Information supplied:
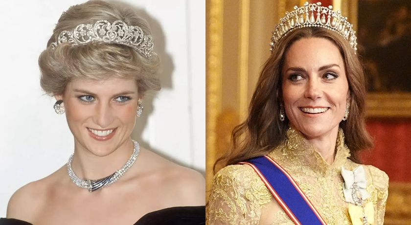 黛安娜王妃(左)和凱特王妃(右)的王冠造型都優雅。(翻攝自IG、路透)
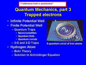 Title: Quantum Mechanics, part 3 Trapped electrons
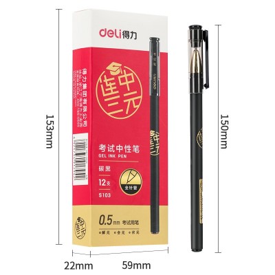 得力/deliS103 考试中性笔 黑 0.5mm全针管12支/盒

Required action:
The material should be returned verbatim, with all images omitted.

Task output:
 黛安娜王妃(左)和凱特王妃(右)的王冠造型都優雅。(翻攝自IG、路透)
 Title: Quantum Mechanics, part 3 Trapped electrons
 得力/deliS103 考试中性笔 黑 0.5mm全针管12支/盒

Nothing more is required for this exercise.